John looks at him, intrigued. Is it possible that the very man who never bats an eyelid in front of a human corpse is now affected by the death of a dog?

"Are you saying that it wasn't killed by Elisa's murderer?" Anderson concludes tentatively.

"We don't know precisely what caused its asphyxiation, but I don't think the killer had anything to do with it. Still, the question remains: why is this dog dead?" Sherlock asks, mostly to himself.

Anderson leads them back to the front gate of the house, hissing, "Why don't you ask Isaac? Maybe he'll tell you how and why he killed the dog after shooting his mother."

"Don't your neurons get claustrophobic in that tiny brain of yours, Anderson?" Holmes talks back, getting out of the driveway and stepping onto the main road where a knot of curious people is standing behind police tape.

While they are making their way through the crowd, a woman grabs the doctor by his shoulders, a dismayed look on her face. John instinctively steps back, but she tightens her grip on him and stammers, "Is-is that really you?"

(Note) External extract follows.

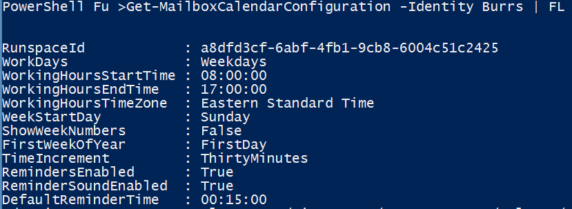 Get-MailboxCalendarConfiguration -Identity Burrs | Format-List
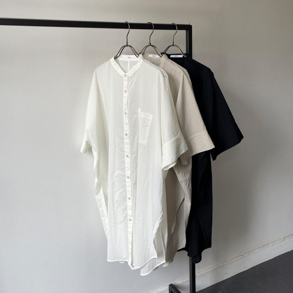 カラーは『white / greige / black』の3色展開。 軽い着心地で、リラクシーに着られる1枚 ヴィンテージライクなシボ感のある素材を使用。

She turns pale; her bloodshot eyes stare at him as if she had just seen a ghost. John, visibly confused and uncomfortable, murmurs warily, "Excuse me, do I know you?"

She is now shaking uncontrollably while tears stream down her face.

"Dad, is that you?"

Sherlock knits his brows at the scene as the woman continues, "Are you back because I'm letting you down? Oh, dad, I'm so sorry, I know that your company was the hard work of your life, nay, it was your entire life. And I've been trying to save it, I swear. But it's so damn difficult. Heaven knows I'd do anything to prevent it from going bankrupt. Anything. Are you angry, dad?" she cries, caressing John's cheek, who yanks his face away from her touch, ill-at-ease.

He throws a bewildered look at his flatmate.

"I haven't the faintest idea who she is. This woman is clearly delirious. She is hallucinating, and I guess that she's seeing her father in me, somehow." He squints his eyes at her and pronounces clearly, "Can you hear me? Are you feeling alright?" John tries to drag her back into reality.